Using the entries that follow, write out the line containing "http://www.mississauga.ca/naturalheritage", the line containing "Flackwell left it late to beat Enfield.", and every line between them, exactly and nothing else.

[Data excerpts]
++++++

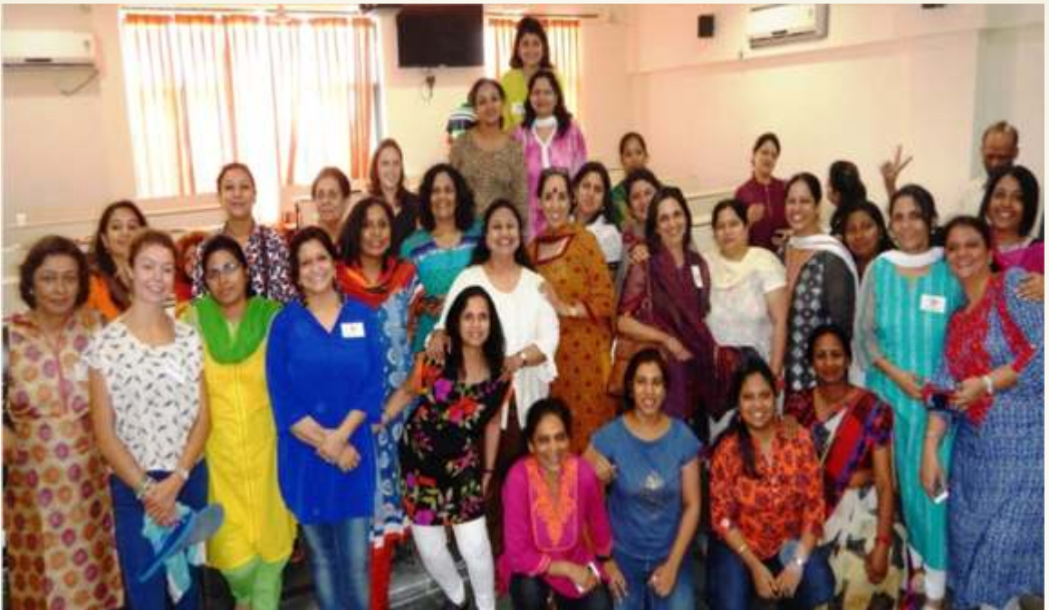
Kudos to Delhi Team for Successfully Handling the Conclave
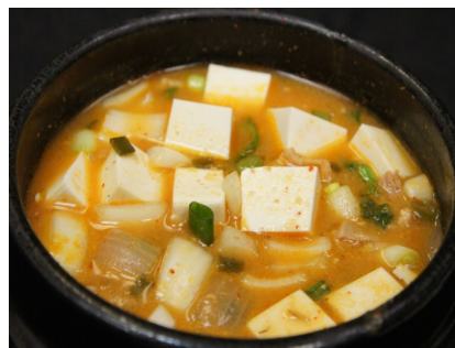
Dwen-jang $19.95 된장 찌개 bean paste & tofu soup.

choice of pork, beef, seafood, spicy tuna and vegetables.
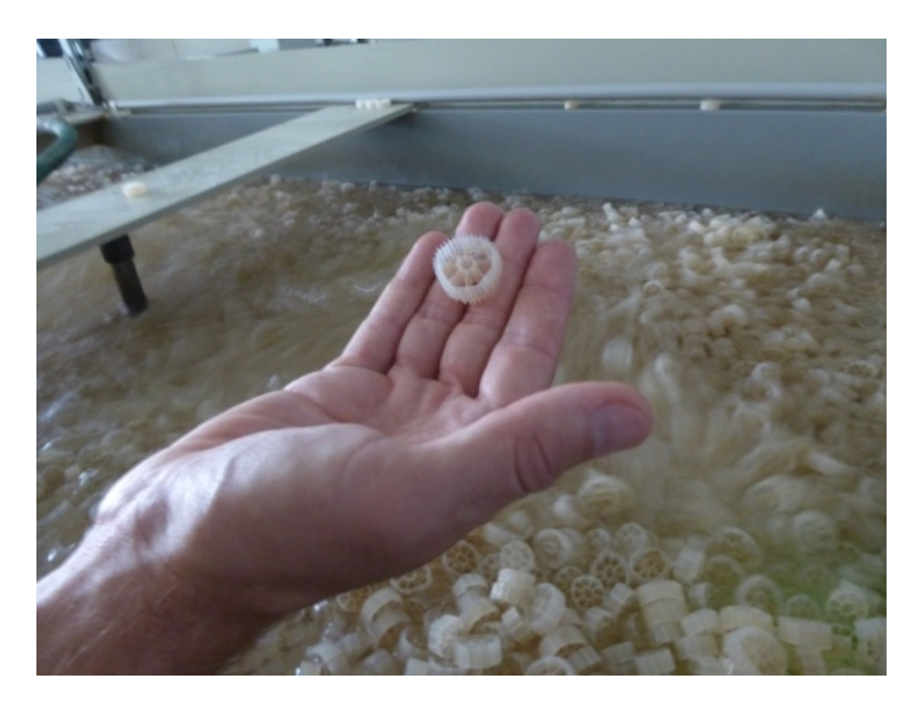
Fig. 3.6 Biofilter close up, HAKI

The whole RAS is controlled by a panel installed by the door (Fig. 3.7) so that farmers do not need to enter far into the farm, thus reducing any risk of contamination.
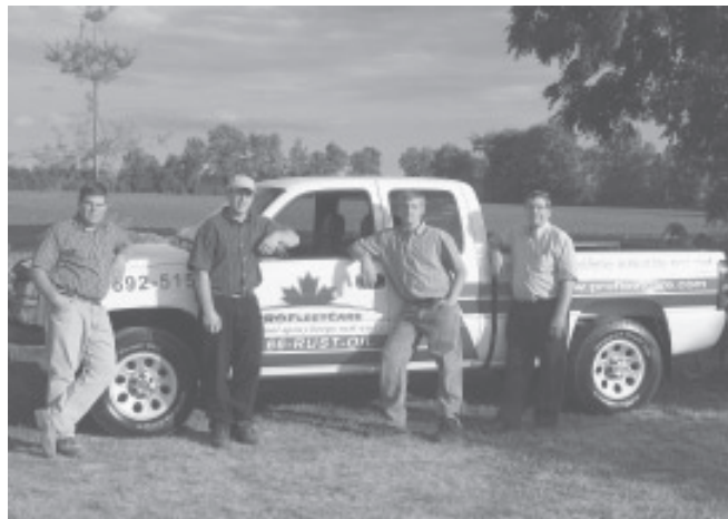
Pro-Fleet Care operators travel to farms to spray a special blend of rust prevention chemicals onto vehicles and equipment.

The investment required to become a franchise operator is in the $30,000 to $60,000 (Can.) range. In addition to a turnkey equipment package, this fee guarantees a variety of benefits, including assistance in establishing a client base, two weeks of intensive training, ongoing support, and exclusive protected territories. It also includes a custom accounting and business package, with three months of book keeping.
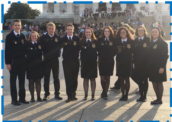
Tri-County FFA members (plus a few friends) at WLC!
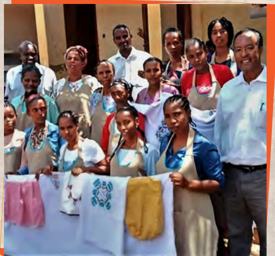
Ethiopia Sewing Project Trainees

++++++

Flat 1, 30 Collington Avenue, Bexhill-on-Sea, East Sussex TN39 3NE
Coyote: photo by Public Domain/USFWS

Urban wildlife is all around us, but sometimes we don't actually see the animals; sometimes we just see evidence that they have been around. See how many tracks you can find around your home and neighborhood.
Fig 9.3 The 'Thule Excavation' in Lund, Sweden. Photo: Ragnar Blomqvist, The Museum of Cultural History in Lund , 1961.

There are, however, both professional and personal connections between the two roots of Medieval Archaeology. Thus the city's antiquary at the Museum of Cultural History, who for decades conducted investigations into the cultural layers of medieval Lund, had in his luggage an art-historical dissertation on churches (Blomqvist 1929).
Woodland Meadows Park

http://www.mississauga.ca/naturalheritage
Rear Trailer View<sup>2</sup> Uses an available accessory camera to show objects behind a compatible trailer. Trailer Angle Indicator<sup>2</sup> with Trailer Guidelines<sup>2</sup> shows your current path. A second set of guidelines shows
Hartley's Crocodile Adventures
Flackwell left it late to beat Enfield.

++++++

◆ EXERCISE ANSWER:
http://www.mississauga.ca/naturalheritage
Rear Trailer View<sup>2</sup> Uses an available accessory camera to show objects behind a compatible trailer. Trailer Angle Indicator<sup>2</sup> with Trailer Guidelines<sup>2</sup> shows your current path. A second set of guidelines shows
Hartley's Crocodile Adventures
Flackwell left it late to beat Enfield.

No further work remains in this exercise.